Benjamin Franklin Papers

From Benjamin Franklin to Cadwallader Colden, 11 October 1750

To Cadwallader Colden

ALS: New-York Historical Society

Philada. Oct. 11. 1750


I have learnt by different hands, that Dr. Mitchel continues in a bad State of Health,3 which I suppose obliges him to drop his Correspondencies. ’Tis a Loss to us all.

Messrs. Bertram and Evans did not go their intended Journey to Lake Erie, but are both safe at home.4 Mr. Weiser is just return’d from Onondago, and gives a melancholly Account of the declining State of the English and Encrease of the French Interest among the Six Nations.5 I hope the Interview intended with them by your Government will be a Means of securing their Attachment to the British Nation. Methinks a great deal depends on you in this important Affair.6

I wish you all the Satisfaction that Ease and Retirement from Publick Business can possibly give you: But let not your Love of Philosophical Amusements have more than its due Weight with you. Had Newton been Pilot but of a single common Ship, the finest of his Discoveries would scarce have excus’d, or atton’d for his abandoning the Helm one Hour in Time of Danger; how much less if she had carried the Fate of the Commonwealth.7

Forgive this Freedom, and believe me to be, with the sincerest Esteem and Affection, Dear Sir, Your obliged humble Servant

B Franklin

P.S. All my Electrical Papers are transcribing for a Gentleman in Boston,8 to whom I shall send them per next Post thro’ your Hands. If you please you may keep them a Week or two to peruse; and if you find any thing in them worth Copying, ’tis at your Service. My last Paper, which you have not yet seen, is the largest, and the fullest on the Nature and Operations of the Electrical Matter.9

Addressed: To  The honble Cadwalader Colden Esqr  New York Free  B Franklin

[Note numbering follows the Franklin Papers source.]

3Dr. John Mitchell (see above, II, 415 n) explained to John Bartram that he suffered from “a vertiginous disorder” which made it painful “even to sit down to take a pen in my hand.” Darlington, Memorials, p. 366.

4See above, p. 6 n.

5Governor Hamilton reported to the Assembly, Oct. 16, 1750, Weiser’s “very disagreeable News, to wit, That … thro’ the indefatigable Industry of the French, not only the Six Nations at Onondago are much shaken in their Affections to Us, and inclining to go over to our Rivals, but the Indians at Ohio are in great Danger of being corrupted by their Presents or subdued by their Arms, unless some proper and speedy Measures are taken to prevent it.” Pa. Col.

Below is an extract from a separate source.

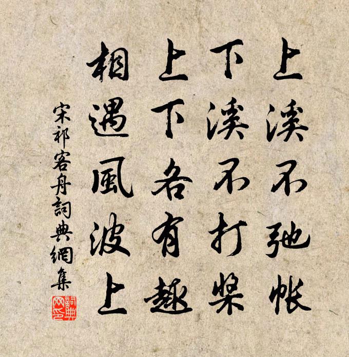 詩詞名句歷史字典書法欣賞書法字典國語詞典說文解字康熙字典古漢語字典標 題 作 者 詩 句 客舟作者:宋祁 朝代:宋代客舟原文上溪不弛帳,下溪不打槳。上下各有趣,相遇風波上。詩詞問答問:客舟的作者是誰?答:宋祁問:客舟寫於哪個朝代?答:宋代問:宋祁的名句有哪些?答:宋祁名句大全宋祁客舟書法欣賞客舟書法作品詩詞推薦次韻行甫小集平山方岳〔宋代〕客愁聊以酒防閒,非復春風桃李顏。北望未忘諸老在,中興已是百年間。非無煙雨無奇語,自有乾坤有此山。楊柳王獻之洛神賦帖贊岳珂〔宋代〕慶雲絢彩,河漢縈之。列星垂天,日月明之。先民授能,維聖成之。英英後先,疇其勝之。有晉大令,父而兄之。羅子琳來就廣漕試予以檄出至西江峽口懷古感曾豐〔宋代〕自朝連夕去,由海入江來。紫石岩前出,青山峽外開。秦貪徒郡縣,粵僭強樓台。陸賈嚴夫子,千年一倚桅。李相公餉建溪新茗奉寄曾幾〔宋代〕一書說盡故人情,閩嶺春風入戶庭。碾處曾看眉上白,分時為見眼中青。飯羹正晝成空洞,枕簟通宵失杳冥。無奈岳廟齋宮與崔伯憲都官王正甫殿丞飲別二君各強至〔宋代〕鄉人分散幾流萍,長樂坡頭已涕零。太華相逢聊永日,故交漸少似殘星。別杯猶恨樽前緩,詩筆那容席上停。車馬游天竺二首仇遠〔宋代〕行遍山巔又水涯,尚無紅葉與黃花。長松夾道六七里,小墅通村十數家。竺國雲深僧寂寞,草堂洞古石嵯牙。野翁約同僚游佳陰馮伯規〔宋代〕晚霽青山無處逃,秋來乘興便登高。□君欲暮休催去,小驛依然□嫩醪。頌古二十五首釋崇岳〔宋代〕雲門小廝兒,作大獅子吼。鼻孔得半邊,不知失卻口。有感二首許月卿六〔宋代〕晴明佳思吟難盡,雨雪愁寒撥不開。天地中間許多事,不應暑往不寒來。送陳待制自富沙移守京口曾豐〔宋代〕殿上舊開醫國口,閩中新出活人手。亘野桑麻水旱余,連村煙火兵戈後。飢得以食寒得衣,召為之父杜為母。公為送蔡子驤用蔡子駿韻秦觀〔宋代〕越絕山川遠相屬,萬壑千岩抱青綠。臥龍一峰稱是奇,遶趾清漪如帶束。鏡水春生鶂尾銜,稽山日暮猿聲續。三休黃經洞胡融〔宋代〕平生山水癖,遐往心獨歖。採秀凌丹丘,忽遇白雲子。腰劍蒼龍活,野袂青霞起。邀我石洞行,共坐啗石髓。架有句齊唐〔宋代〕飛棟新成蘸碧軒,會稽山腳照湖邊。賀周益公歸休尹直卿〔宋代〕六一先生薄吉州,歸田去作穎昌游。我公不向螺江住,羞殺青原白鷺洲。次張唐公韻王安石〔宋代〕憶昨同追八馬蹄,約公投老此山棲。公乘白鳳今何處,我適新年值白雞。夢回舒岳祥〔宋代〕月上芙蓉浦,船依杜若洲。歲行人冉冉,川永夢悠悠。天地回青眼,江山養白頭。老生如朽木,安識有悲秋。次韻鄧正字慎思秋日同文館九首晁補之〔宋代〕前世諸生選,平居數路開。鄉閭自相與,岩穴亦時來。射雉空亡矢,為蛇更奪杯。千金曾市骨,聊用作龍媒。悶歌行十二首楊萬里〔宋代〕山行舊路不堪重,及泛湖波又阻風。世上舟車無一穩,乾坤可是剩詩翁?和子瞻新居欲成二首蘇轍〔宋代〕老罷子卿還屬國,功成定遠恨陽關。漂流豈必風波際,顛沛何妨枕席間。伏臘便應隨俚俗,室廬聞似勝家山。因緣野庵曲沈瀛〔宋代〕野叟最昏迷。嘆世間、光陰奔走如馳。逢這閒時。忽尋忖、一生里事都非。從頭到尾。都改了、重立根基。枕上披名句推薦祖宗雖遠,祭祀不可不誠;子孫雖愚,經書不可不讀。朱柏廬《朱子家訓·全文》 春山煙欲收,天淡星稀小牛希濟《生查子·春山煙欲收》 奸巧語,穢污詞。市井氣,切戒之。李毓秀《弟子規·信》 勝敗兵家事不期,包羞忍恥是男兒。杜牧《題烏江亭》 傷心秦漢經行處,宮闕萬間都做了土。張養浩《山坡羊·潼關懷古》 細數十年事,十處過中秋。范成大《水調歌頭·細數十年事》 桃李不言,下自成蹊;道旁苦李,為人所棄。程登吉《幼學瓊林·卷四·花木》 新寒中酒敲窗雨,殘香細裊秋情緒。納蘭性德《菩薩蠻·新寒中酒敲窗雨》 坐開桑落酒,來把菊花枝。杜甫《九日楊奉先會白水崔明府》 灞原風雨定,晚見雁行頻。馬戴《灞上秋居》

Recs., V, 485.

6Governor Clinton of New York invited representatives of the neighboring colonies to an Indian conference at Albany in 1751. The Pennsylvania Assembly asked Governor Hamilton to send Weiser with a present for the Indians, but thought it unnecessary to make a treaty. Pa. Col. Recs., V, 524–5, 526, 541–3.

7Colden was soon afterwards offered the post of Secretary for Indian Affairs, but declined it because the salary arrangements were uncertain. Colden Paps., IV, 253–4. For his long analysis of the state of Indian relations in North America, Aug. 8, 1751, see ibid., pp. 271–87. BF’s attitude and appeal were quite different from Thomas Jefferson’s in a similar case. In 1778 the latter urged the astronomer David Rittenhouse to resume the scientific studies he had deserted for revolutionary politics, firmly declaring, “No body can conceive that nature ever intended to throw away a Newton upon the occupations of a crown.” Julian P. Boyd and others, eds., The Papers of Thomas Jefferson, II, 203.

8James Bowdoin. See the next document.

9BF to Collinson, July 29, 1750, above, pp. 9–34.